++++ RECORDS FOR THE EXERCISE
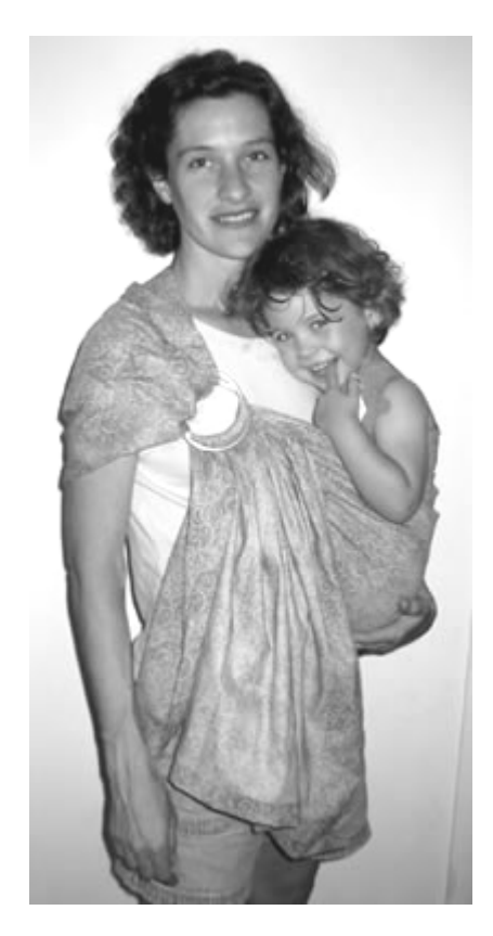
Hip Carry (after head control)

This position will last you from head control through "too heavy"! It is truly the workhorse position of the baby sling.
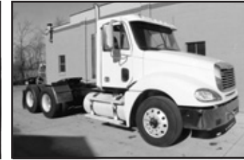
'07 FTL CL12064ST, C13 Cat, 410 hp, Ultrashift trans., 185" WB, sgl. tank, air ride, Jake, 455,000 miles ..... $48,900
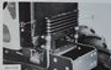
(1) Heat sink (2) Oil Cooler
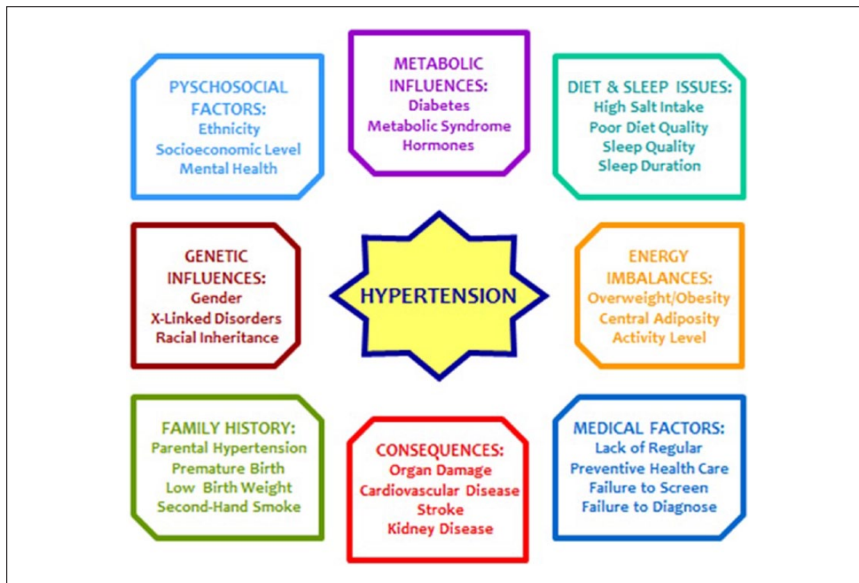
Figure 1. The many interrelated factors that influence hypertension in adolescents, and some of the serious consequences that result from delayed diagnosis and treatment.

between 2% and 5%, and the prevalence of prehypertension is estimated at between 4% and 15%, 5,6 but studies in both the United States and Europe have found that only 13% to 26% of childhood hypertension is properly diagnosed. 1,2,7-9 Children with primary hypertension may be asymptomatic or the symptoms may be mild and seemingly unrelated, such as changes in behavior or school performance, nosebleeds, headaches, or shortness of breath. 10
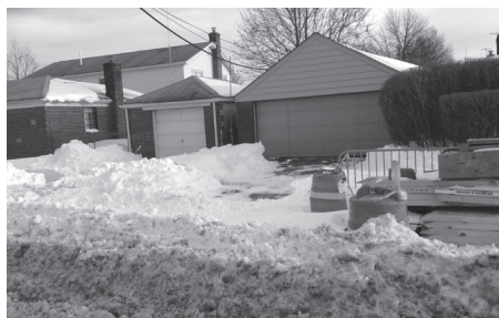
Snowed in for three days
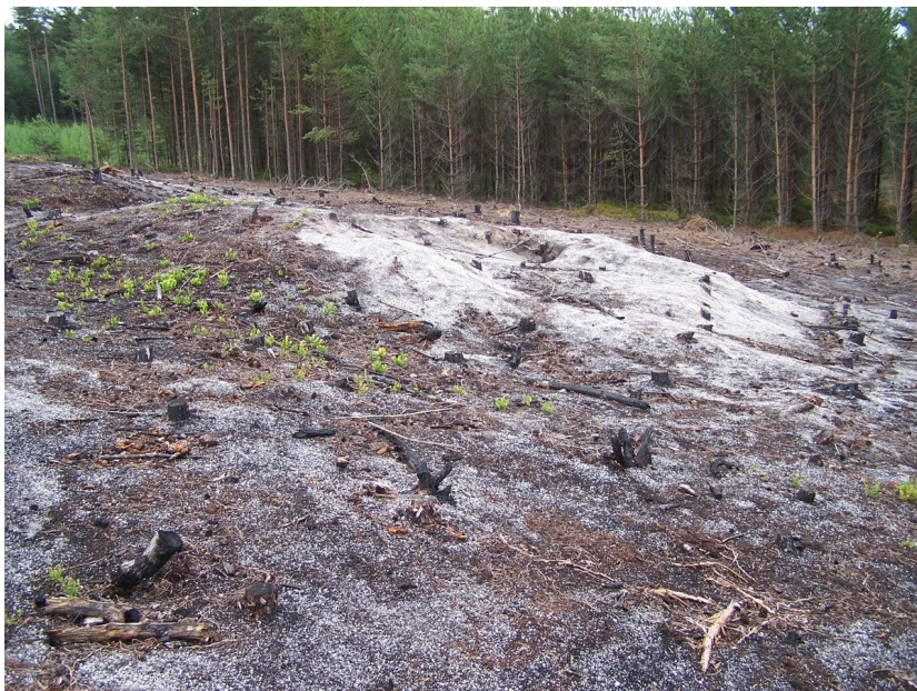
A barrow after forest fire.
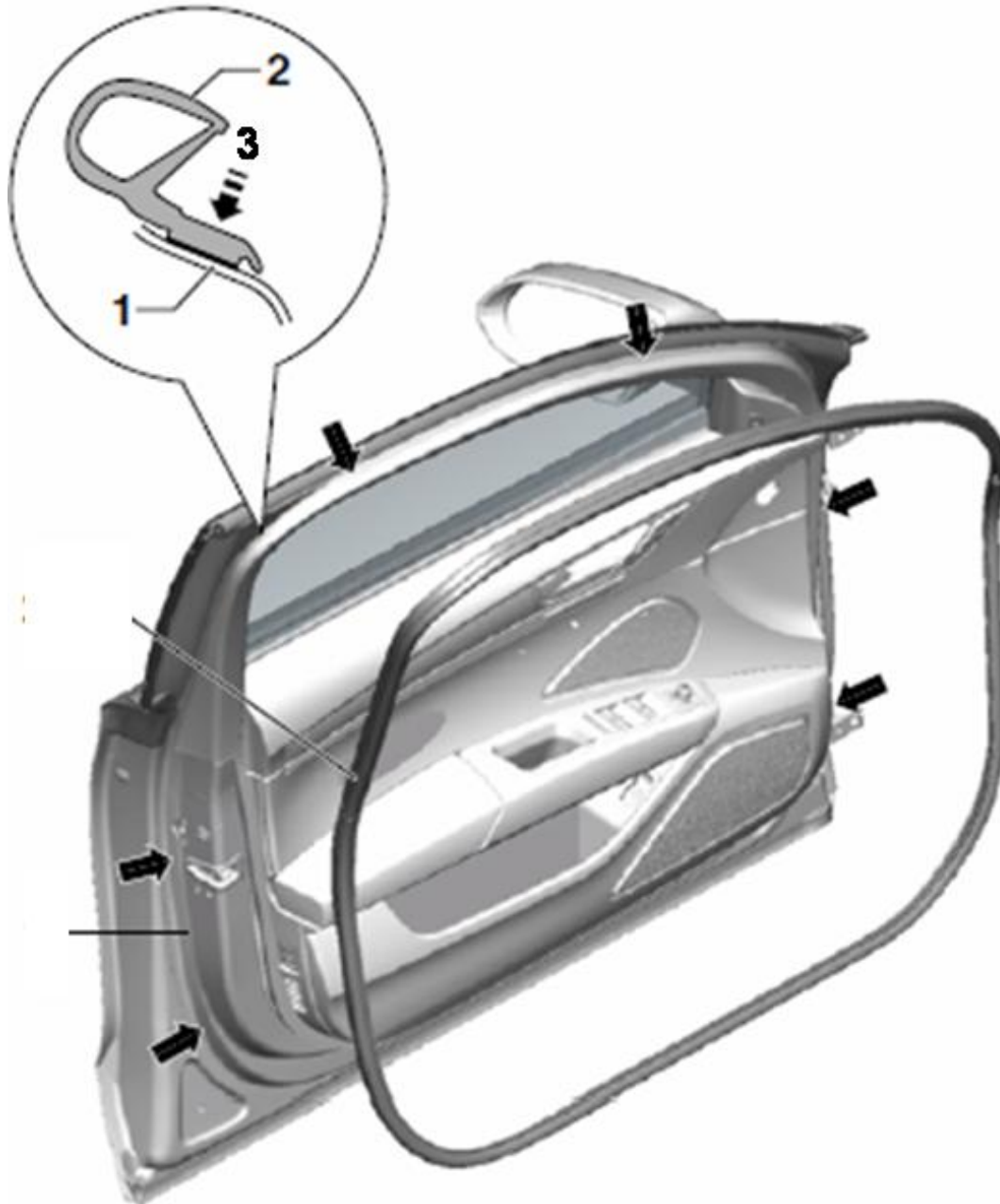
Figure 4. Apply force to seal.
++++++++
▶ [DESCRIPTION OF THE TASK]:
Look through the records and gather each line with the word "Figure".

▶ [ANSWER TO THIS PROBLEM]:
Figure 1. The many interrelated factors that influence hypertension in adolescents, and some of the serious consequences that result from delayed diagnosis and treatment.
Figure 4. Apply force to seal.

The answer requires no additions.